Spinal Cord Injury Treatment

Posted: Published on November 15th, 2013

This post was added by Dr Simmons

Spinal cord injuries can be devastating leading to partial or complete paralysis. Spinal cord injuries were once frequently fatal, but over the past fifty years many new treatments have been developed to help people with spinal cord injuries survive and possibly recover a great deal of function. Within the past twenty years, even more promising treatments have been developed for spinal cord injury.

Treatment of spinal cord injury may involve medication, and surgery, and always requires physical therapy. Spinal cord injury may be due to either traumatic or non-traumatic causes. Non-traumatic causes of spinal cord injury occur over time and include arthritis, cancer, infection, blood vessels problems, bleeding, and inflammation.

In the case of traumatic spinal cord injury due to an accident, immediate, comprehensive trauma care is crucial for both survival and long-term outcome. A competent trauma team can do much to minimize the spread of damage from a spinal cord injury. The long-term prognosis for a spinal cord injury depends on the nature and location of the injury, as well as the quality of care received.

If emergency medical personnel suspect you have sustained a spinal injury, they will do everything possible to prevent further injury. While medics work to stabilize your heart rate, breathing, and blood pressure, your head and neck will be put into a special brace to prevent movement and additional injury. You will be put on stiff back board to prevent injury while you are being loaded in the ambulance and taken to the hospital.

Once at the trauma center, doctors will continue to work to make sure that you are stabilized and that no further injury will occur. You will continue to be immobilized while undergoing tests such as CAT scans and MRIs; these imaging tests will help the doctors determine the extent of your injury.

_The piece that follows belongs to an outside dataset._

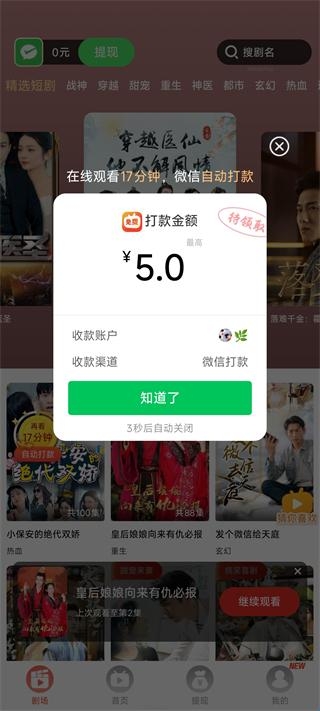 2、更新及时:实时更新最新的短剧作品,让用户能够观看到最新的、最热门的短剧作品。

In cases of severe injury to the neck area of the spinal cord, respiratory problems may occur. Doctors may need to help you breathe by giving you oxygen through a tube inserted down your throat; this process is called intubation.

Spinal cord injuries have a tendency to worsen after the initial injury. Blood pressure and blood flow may drop dramatically immediately after the injury or may remain fairly normal in the first few hours only to drop dramatically within a day or so. As blood pressure drops and blow flow decreases, inflammation sets in and nerve cells at a distance from the injury begin to die. Researchers still do not understand all of the reasons why the injury spreads in this way, but a corticosteroid drug first used for spinal cord injuries in the early 1990s may help reduce the extent of the spread.

Doctors may give you this powerful corticosteroid, methylprednisolone (Medrol). When given within eight hours of the initial injury, methylprednisolone has been known to prevent further damage and to promote recovery in some people. Methylprednisolone reduces nerve damage and decreases inflammation around the injury. The use of methylprednisolone is controversial. It can cause serious side effects and some doctors believe it provides little benefit; however, other doctors are convinced that the drug is worth the risks and should be used to in most spinal cord injuries.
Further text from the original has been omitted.